Question

In: Economics

Suppose that the flu vaccination industry is perfectly competitive and that Healthy Times Inc. is a...

Suppose that the flu vaccination industry is perfectly competitive and that Healthy Times Inc. is a representative firm who is just one of many flu vaccination producers in the industry. For all calculation questions, please include the number only in your submitted solutions (don’t use any dollar signs, symbols, commas, decimal points, or letters). The current market price for a flu vaccination is $200 and Healthy Times Inc. currently faces the following cost conditions:

TC = q2 + 180q + 50

MC = 2q + 180

ATC = q + 180 + 50/q

  1. (4 points) Using the profit maximizing rule, how many units of flu vaccinations should Healthy Times Inc. produce according to this rule?

  1. (4 points) Calculate the economic profit or loss made by Healthy Times Inc. when following the profit maximizing rule.

  1. (4 points) Is the market currently in long-run equilibrium? Why or why not? What do you expect to happen in this market in the long-run?

  1. (2 points) How many firms are currently in the flu vaccination market?

Solutions

Expert Solution

Part A.

TC = q^2 + 180q + 50 (given total cost function)

MC = 2q + 180 (given marginal cost function, is also first order derivative of TC function)

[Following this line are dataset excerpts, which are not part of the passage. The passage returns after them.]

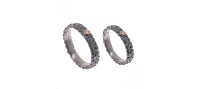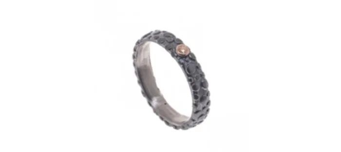 Anillo de plata envejecida de primera ley (925), boquilla de oro rosa y diamante G, Vs1.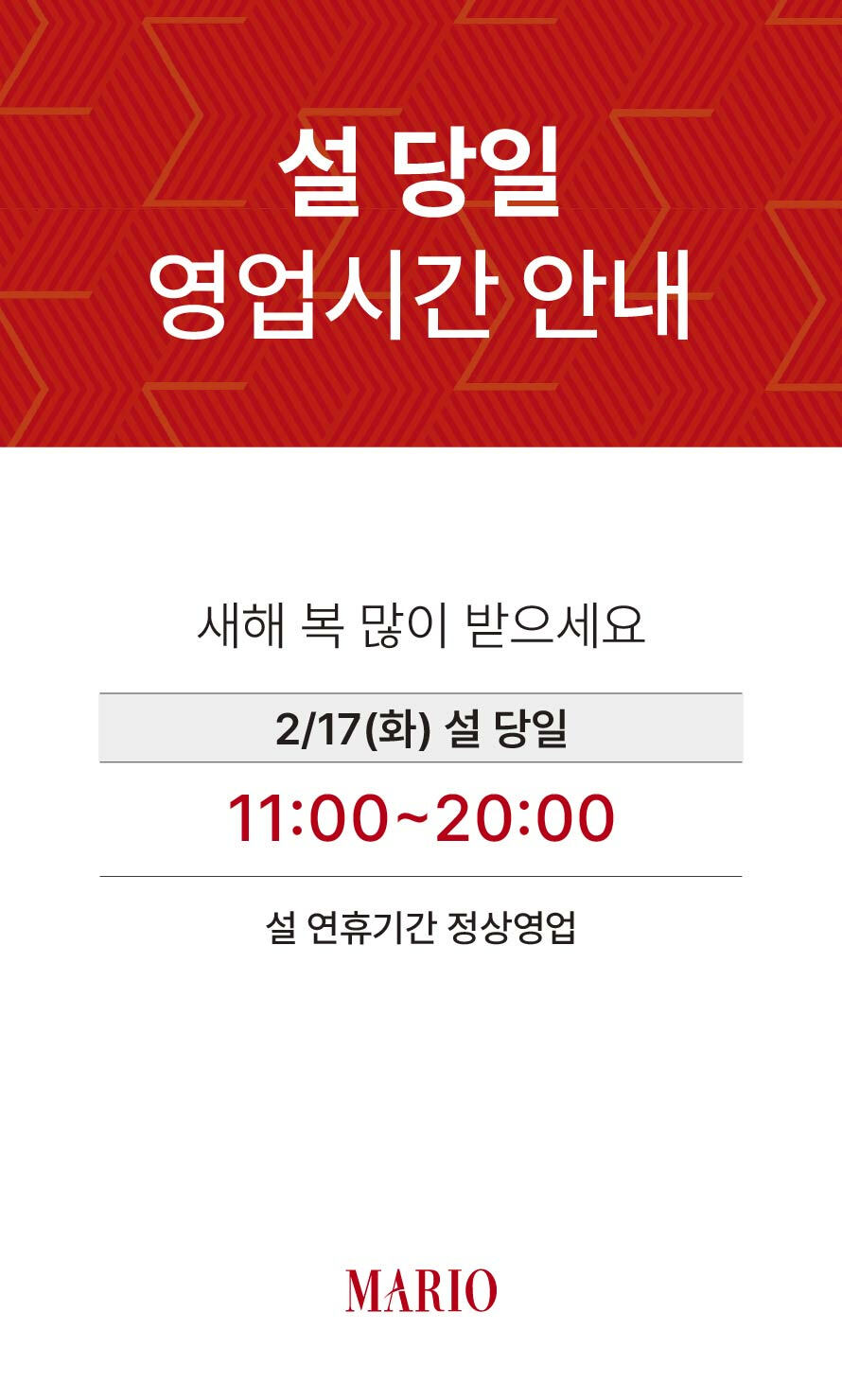 설 당일 영업시간 안내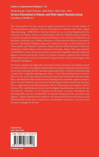 This book gathers the peer-reviewed papers presented at the seventh edition of the international workshop "Service Orientation in Holonic and Multi-Agent Manufacturing - SOHOMA'17", held on October 19-20, 2017 and organized by the University of Nantes, France in collaboration with the CIMR Research Centre in Computer Integrated Manufacturing and Robotics at the University Politehnica of Bucharest, Romania, the LAMIH Laboratory of Industrial and Human Automation Control, Mechanical Engineering and Computer Science at the University of Valenciennes and Hainaut-Cambrésis, France and the CRAN Research Centre for Automatic Control, Nancy at the University of Lorraine, France. The main objective of SOHOMA'17 was to foster innovation in smart and sustainable manufacturing and logistics systems and in this context to promote concepts, methods and solutions addressing trends in service orientation of agent-based control technologies with distributed intelligence.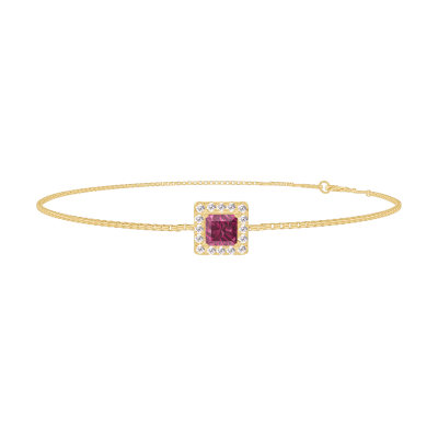 « L'ATELIER » NR. 200429Brăţară Aur galben 18 carate - Rubin Princess 0.3 carate - Halo Diamant - Lanţ Veneţian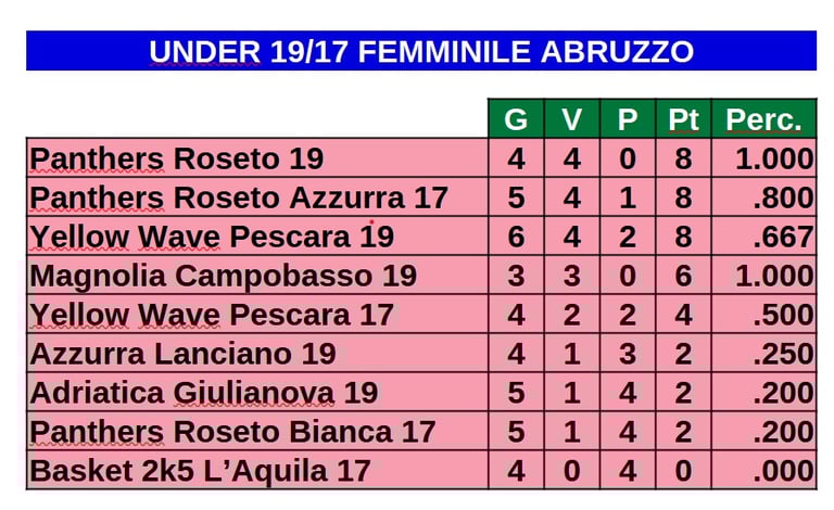 A fronte di questi risultati, Roseto Academy è campione regionale ed è ammessa alla fase interregionale insieme all'Azzurra Lanciano. Le altre squadre parteciperanno alla fase Coppa Abruzzo, la cui vincente sarà ammessa anch'essa alla fase interregionale.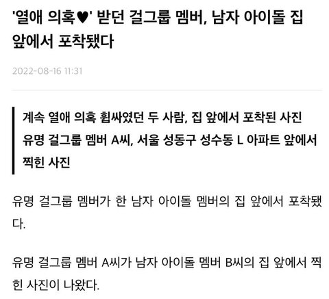 류진 해찬 숙소앞에서 찍힌 기사났네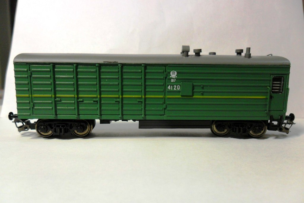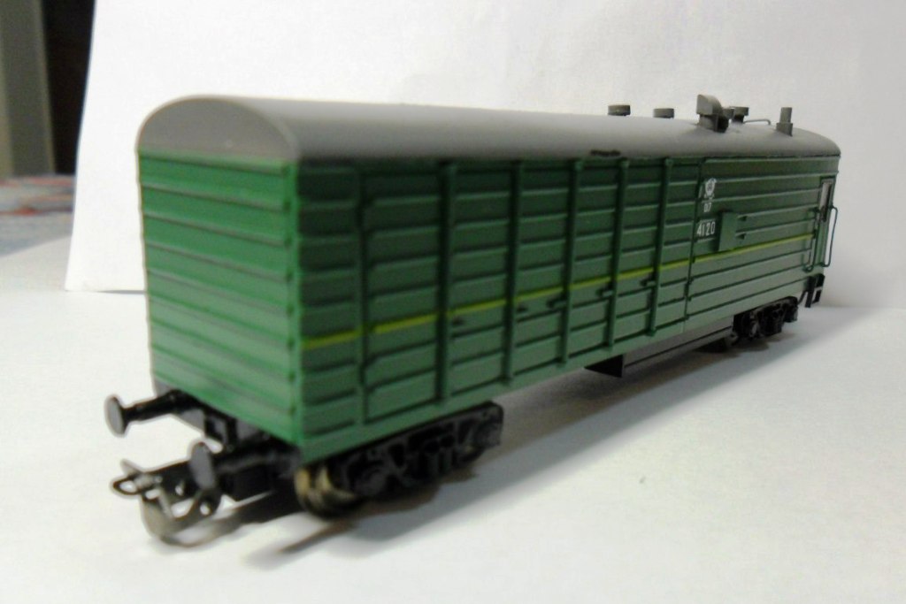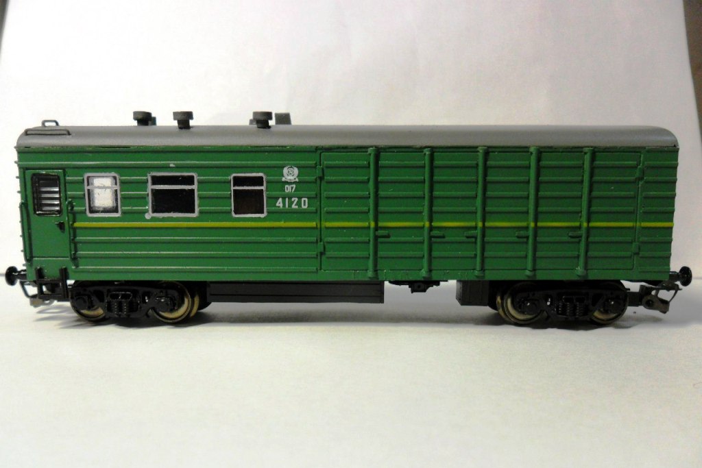 Разновидности: одна разновидность Эпоха: IV Принадлежность: СЖД Фирма-производитель: SH-TT Год начала производства: 2015 Год окончания производства: малая серия Описание моделиМодель хлебораздаточного вагона - малосерийный проект Творческого объединения "SH-TT" (Андрей Шаподра, Санкт-Петербург). Корпус модели выполнен вручную из пластика. Использованы отдельные детали (тележки, тормозное оборудование, ступени, окна и др.), производимые для серийных моделей фирмами "Пересвет" и "ТТ-Модель".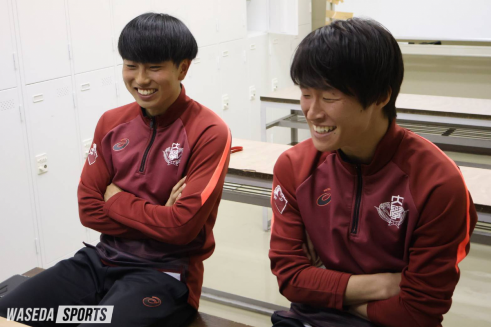 近年のサッカー界において重要とされている役割が、自チームや他チームを客観的に分析し弱点を洗い出すアナライズの部分。強豪と呼ばれているクラブの多くが、このアナライズに力を入れている。大学サッカー界においても、アナライズは重要視されており、早稲田大学ア式蹴球部(ア式)にももちろんアナライズ担当が存在している。その中で今回は、選手として活躍しつつ、アナライズチームのリーダー的存在でもある、MF福井寿俊(文構4=東京・国学院久我山)とDF藤本隼斗(スポ4=柏レイソルU18)のお二人に対談をしていただき、アナライズチームの役割や、今季のア式が掲げているサッカー。加えて、選手としての自分のことやプライベートのなどさまざまなことを伺いました。後編ではアナライズチームリーダーとしての役割、お二人の今季にかける思いなどを話していただきました!
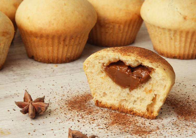 Для каждого кекса тесто делить на две части: первую выложить на дно, дальше положить чайную ложку варенного сгущенного молока и сверху выложить вторую часть теста. Таким образом заполнить форму для кексов. Выпекать при температуре 180–200 градусов до готовности. Около двадцати минут.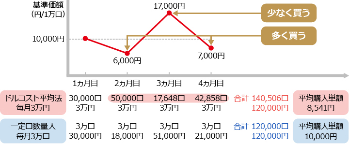 一回にまとめて外貨を購入する場合、高い為替相場で購入してしまう可能性がありますが、毎月一定額を購入していけば、高いときに買いすぎたり、低いときに買いそこなうことを防ぐことができます。この結果、一回にまとめて購入するよりも、購入コストが長期的に安定し、投資タイミングによるリスクの軽減が期待できます。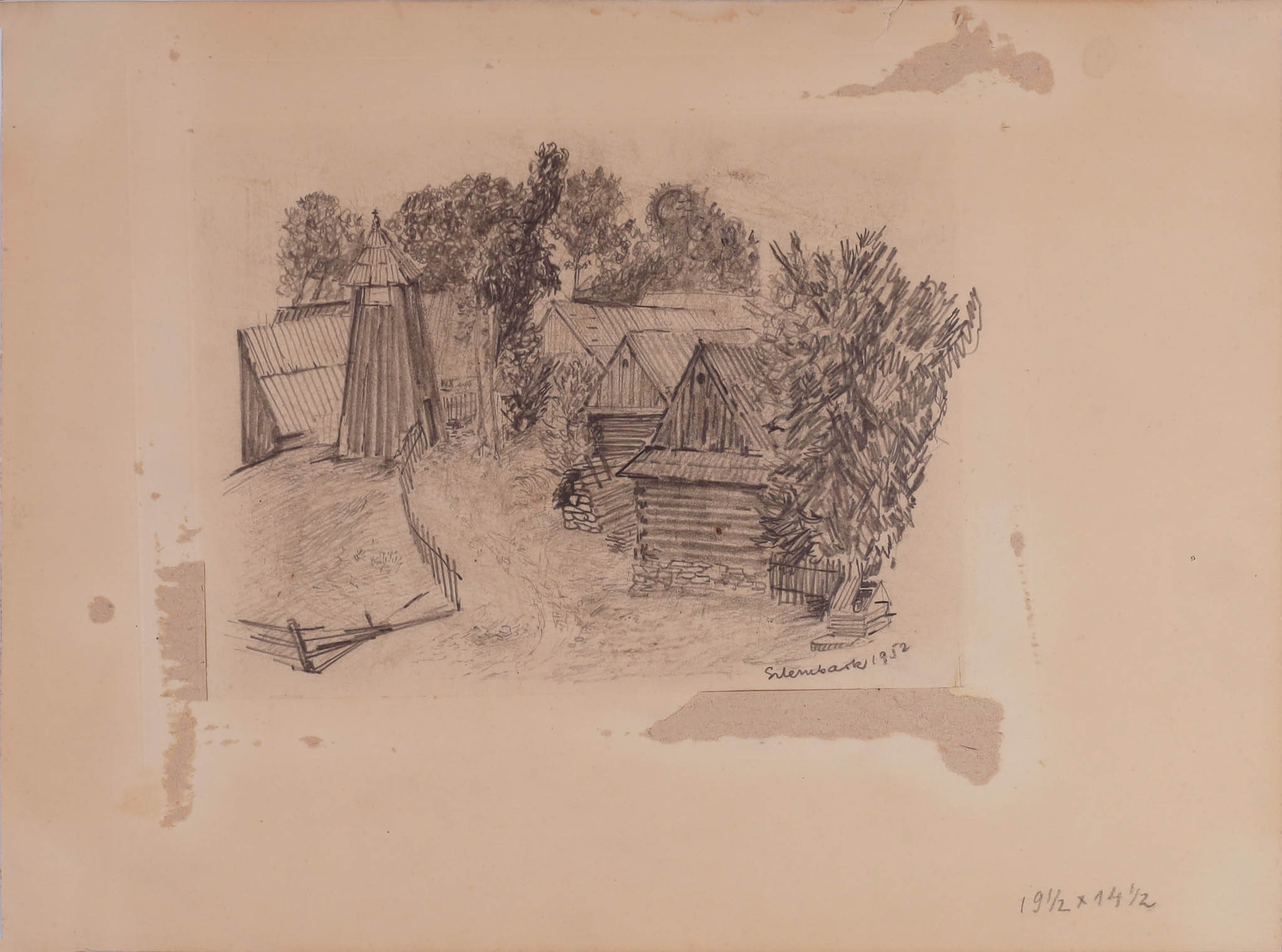 ołówek, papier, 24,2 x 32,5 cm; opisany p.d.: Szlembark 1952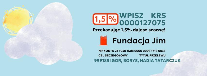 pamiętaj wpisać: #999185 Igor, Borys, Nadia Tatarczuk w tytule przelewu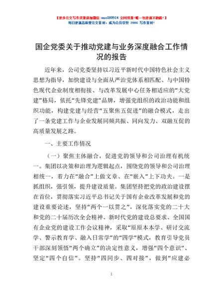 / 国企党委关于推动党建与业务深度融合工作情况的报告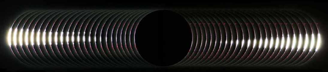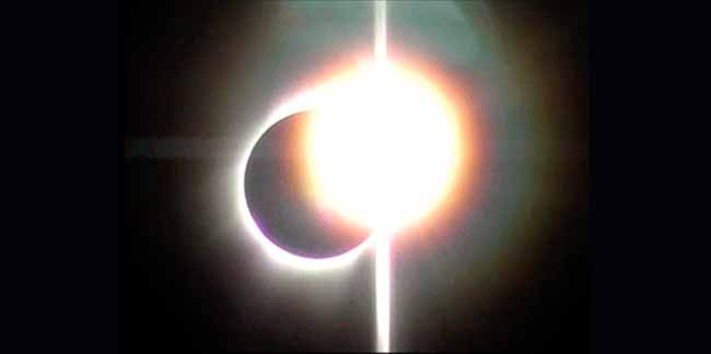 Pyramid Texts: "The eclipse represents the breaking of the Egg and Splitting the Iron." The iron is the rod, the magnetic poles, north/south, duality of experience created by electromagnetic energy, the aura, needed to create a physical reality and the illusion of linear time. The Two 'Diamond Ring Effects' crowned the eclipsed shadow on the head of Re.

ATC = q + 180 + 50/q (given average cost function, ATC=TC/q)

TR = 200*q

MR = dTR/dQ = 200

Profit max rule is the point where MR=MC

2q+180=200

2q = 20

q* = 10 units

at q=10, ATC = 10+180+50/10 = 195

Part B.

Profit/Loss = (P-ATC)*Q

Profit/Loss = (200-195)*10 = 50 (Positive economic profits)

Part C.

The market is NOT in the long run as the firms are earning positive economic profits. In the long run the firms earn only normal profits and ZERO economic profits. In the long run the price equals the average total cost of production. In this market, in the long run, new firms will enter. This will lead to increase in supply which will bring down the price to the extent that it is equal to the average total costs. This happens till there are no economic profits in the industry for any firm.

Part D.

The industry demand curve is not mentioned.